Here we will spawn a high-level runtime task as we had shown above for starting dependence analysis. In this case, we will select the HLR_TRIGGER_OP_ID value for that giant switch statement. This lands us here which as we can see actually calls op->trigger_execution. If execution fails for some reason, the task goes back onto the ready queue. Now that's pretty cool.

case HLR_TRIGGER_OP_ID:
  {
    // Key off of args here instead of data
    const ProcessorManager::TriggerOpArgs *trigger_args = 
                            (const ProcessorManager::TriggerOpArgs*)args;
    Operation *op = trigger_args->op;
    bool mapped = op->trigger_execution();
    if (!mapped)
    {
        ProcessorManager *manager = trigger_args->manager;
              manager->add_to_local_ready_queue(op, true/*failure*/);
    }
    break;
  }

So that's an overview of operations at a super high level. Next we'll briefly look at how the top-level task starts up. It's very similar.

Top-level Task

Execution of a Legion application begins with a single top level task executing on one processor. Recall the method used to bootstrap the system with a single task, that I've annotated here with a high-level description of its operation:

void Runtime::launch_top_level_task(Processor proc)
{
   // Create TaskLauncher
   // Copy in task arguments
   // Set task arguments from mapper
   ...
   add_to_ready_queue(proc, top_task, false);
}

The important component for us here is the method add_to_ready_queue (sound familiar?), which is the entry point to the Legion operation pipeline (sorta... the entry point for the top-level task. see above for other task types).

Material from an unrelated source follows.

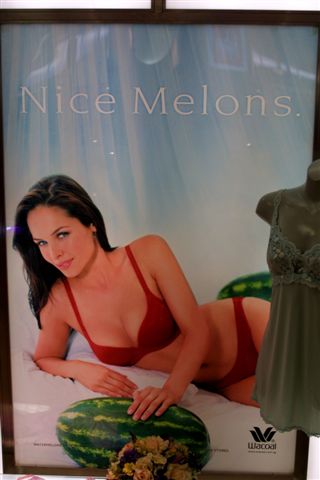 We could not believe our eyes when we spotted this ad in the lingerie section of a leading dept. store |

Here we have arrived at the starting point. The prev_fail can be ignored for now. In the context of the top-level task we can assume there are no previous failures. The first thing we do is add the task to the processor manager's ready queue.

void Runtime::add_to_ready_queue(Processor p, TaskOp *op, bool prev_fail)
{
  proc_managers[p]->add_to_ready_queue(op, prev_fail);
}

There is a processor manager for every low-level non-utility processor. After a task is ready to run it gets assigned to a processor manager.

void ProcessorManager::add_to_ready_queue(TaskOp *task, bool prev_failure)
{
  ...
  if (prev_failure)
    ready_queues[task->map_id].push_front(task);
  else
    ready_queues[task->map_id].push_back(task);
  ...
}

Note that the top level task enjoys special treatment in the pipeline. In particular, it has no dependencies, and as such can skip the dependency analysis that all other tasks must suffer through.